▸ **INFORMATION PROVIDED**

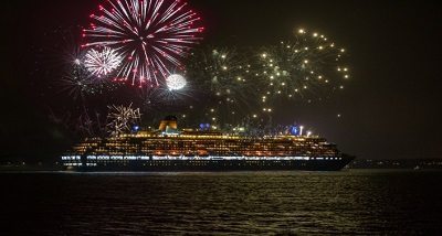 A volley of fireworks illuminated the sky overhead as Queen Victoria set sail on her world voyage, remodeling complete.
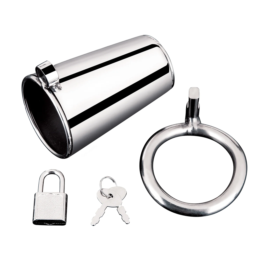 The Ultimate Cock Tease Cage – Silver is a cylinder-shaped chastity device that provides a nearly solid enclosure to the shaft, exposing just the tip. When the Ultimate Cock Tease Cage is worn, the wearer can experience the way that denying sensation heightens arousal to explosive new levels. With a separate ring to wear around the testicles, this chastity device offers a kinky sensation boost. Lock the device in place using the included padlock to keep him securely entrapped.
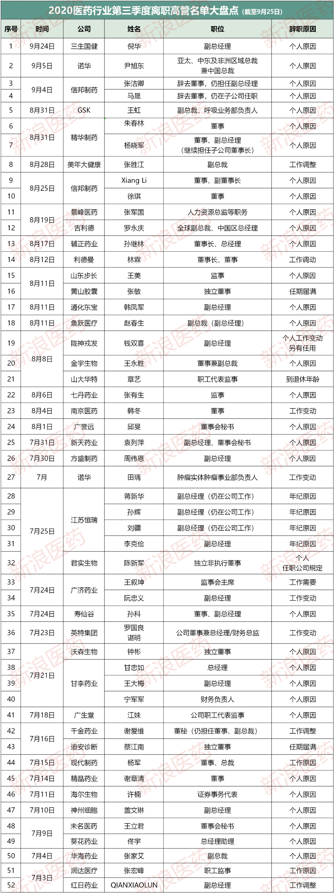 至此,据新浪医药不完全统计,截至今日(9月25日),2020年国内医药界已有超180位高管离职,而在即将过去的第三季度,也有52位高管离职,涉及诺华、GSK、吉利德等跨国巨头,也涉及恒瑞医药、山东步长等国内知名药企。
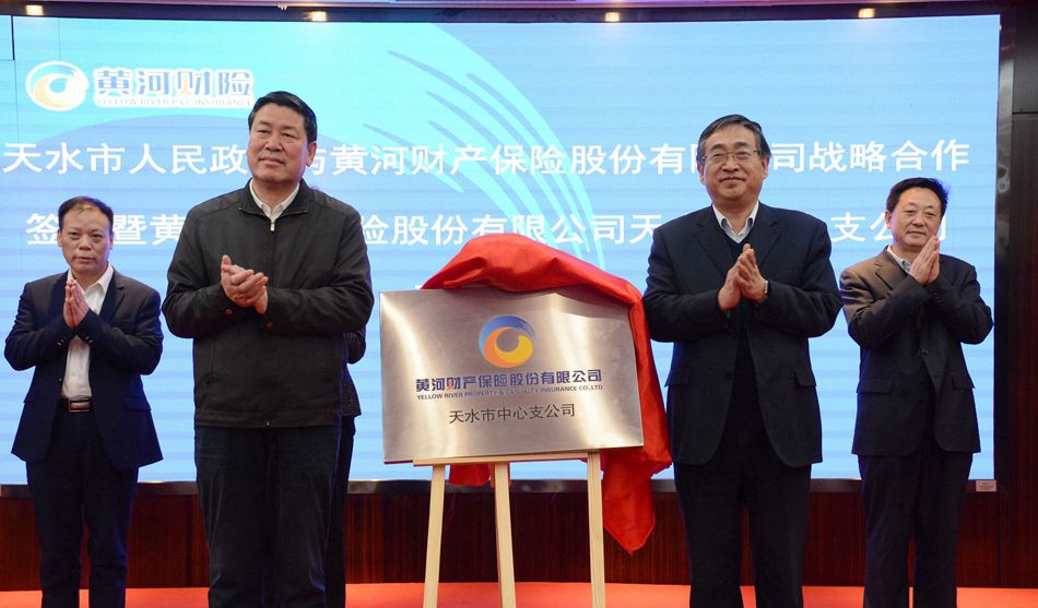 1月13日,天水市政府与黄河财产保险股份有限公司签订战略合作协议,黄河财险天水市中心支公司挂牌成立。签约暨挂牌开业仪式在天水宾馆举行。

▸ **WHAT IS NEEDED**
All of the material goes into the answer exactly as it stands, except for the pictures.

▸ **SOLUTION BELOW**
 A volley of fireworks illuminated the sky overhead as Queen Victoria set sail on her world voyage, remodeling complete.
 The Ultimate Cock Tease Cage – Silver is a cylinder-shaped chastity device that provides a nearly solid enclosure to the shaft, exposing just the tip. When the Ultimate Cock Tease Cage is worn, the wearer can experience the way that denying sensation heightens arousal to explosive new levels. With a separate ring to wear around the testicles, this chastity device offers a kinky sensation boost. Lock the device in place using the included padlock to keep him securely entrapped.
 至此,据新浪医药不完全统计,截至今日(9月25日),2020年国内医药界已有超180位高管离职,而在即将过去的第三季度,也有52位高管离职,涉及诺华、GSK、吉利德等跨国巨头,也涉及恒瑞医药、山东步长等国内知名药企。
 1月13日,天水市政府与黄河财产保险股份有限公司签订战略合作协议,黄河财险天水市中心支公司挂牌成立。签约暨挂牌开业仪式在天水宾馆举行。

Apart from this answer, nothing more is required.